3. Prefix caching hierarchy with well-tested variants for different use cases

So it's a 3-tier architecture. The biggest difference with Dynamo is that llm-d is using the inference gateway extension - https://github.com/kubernetes-sigs/gateway-api-inference-ext... - which brings Kubernetes owned APIs for managing model routing, request priority and flow control, LoRA support etc.

rdli•9mo ago
I would think that that the NVidia Dynamo SDK (pipelines) is a big difference as well (https://github.com/ai-dynamo/dynamo/tree/main/deploy/sdk/doc...), or am I missing something?
smarterclayton•9mo ago
That's a good example - I can at least answer about why it's a difference: different target user.

As I understand the Dynamo SDK it is about simplifying and helping someone get started with Dynamo on Kubernetes.

From the user set we work with (large inference deployers) that is not a high priority - they already have mature deployment opinions or a set of tools that would not compose well with something like the Dynamo SDK. Their comfort level with Kubernetes is moderate to high - either they use Kubernetes for high scale training and batch, or they are deploying to many different providers in order to get enough capacity and need a standard orchestration solution.

llm-d focuses on helping achieve efficiency dynamically at runtime based on changing traffic or workload on Kubernetes - some of the things the Dynamo SDK encodes are static and upfront and would conflict with that objective.
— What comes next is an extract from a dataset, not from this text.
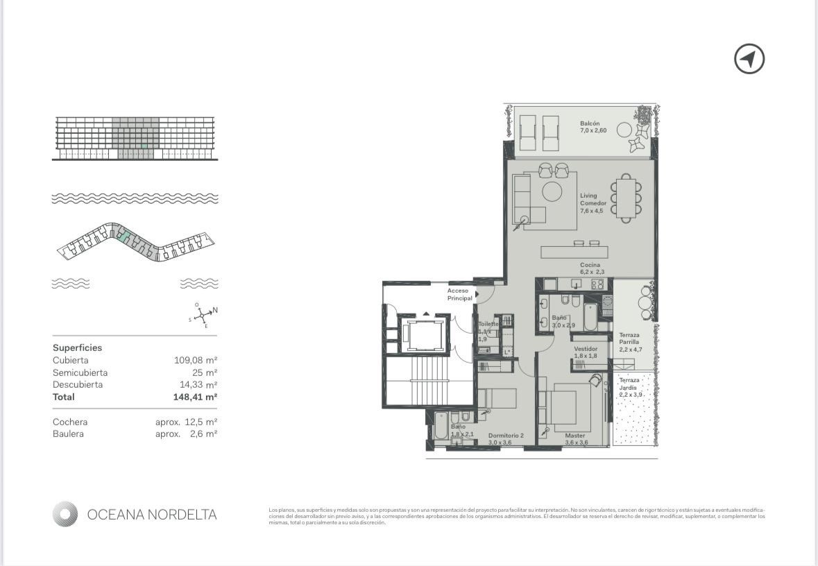 Venta departamento en el nuevo complejo OCEANA , desarrollado por Consultatio de Eduardo Costantini y construído por Grupo Acqua, Consultar por otras unidades disponibles! Unidad de 3 ambientes ubicado en tercer piso. con gran diseño, excelente calidad y sofisticación, se fusionan para dar lugar a este exclusivo edificio ubicado en uno de los mejores macrolotes de la Ciudad. Hall de ingreso, toilette de recepción, living comedor con cocina integrada, balcón terraza con vista al lago, y segundo balcón terraza con parrilla. Master suite con vestidor y baño con doble bacha; segundo dormitorio también con baño en suite y placard. Cochera cubierta y baulera. El compleja cuenta con 2400 m2 de amenities, entre los que se encuentran piscina exterior, piscina cubierta climatizada de 20 m2, Salón de usos múlitples, gran gimnasio, sala de yoga, vestuarios, sala de juegos, espacios de cowork, gran jardín sobre el lago central, muelle, más de 8.000 m2 de espacios verdes parquizados y seguridad las 24 hs. El edficio fue diseñado por RDR Arquitectos y Clusellas Ades y ofrece departamentos, townhouses y penthouses de uno a cuatro ambientes, con una calidad constructiva superlativa. Las unidades son en su mayoría pasantes, asegurando una excelente ventilación, además de increíbles vistas del amanecer y del atardecer sobre el lago central de Nordelta.

Also, large deployers with serving typically have significant batch and training and they are looking to maximize capacity use without impacting their prod serving. That requires the orchestrator to know about both workloads at some level - which Dynamo SDK would make more difficult.

rdli•9mo ago
In this analogy, Dynamo is most definitely not like Django. It includes inference aware routing, KV caching, etc. -- all the stuff you would need to run a modern SOTA inference stack.
qntty•9mo ago
You're right, I was confusing TensorRT with Dynamo. It looks like the relationship between Dynamo and vLLM is actually the opposite of what I was thinking -- Dynamo can use vLLM as a backend rather than vice versa.
Kemschumam•9mo ago
What would be the benefit of this project over hosting VLLM in Ray?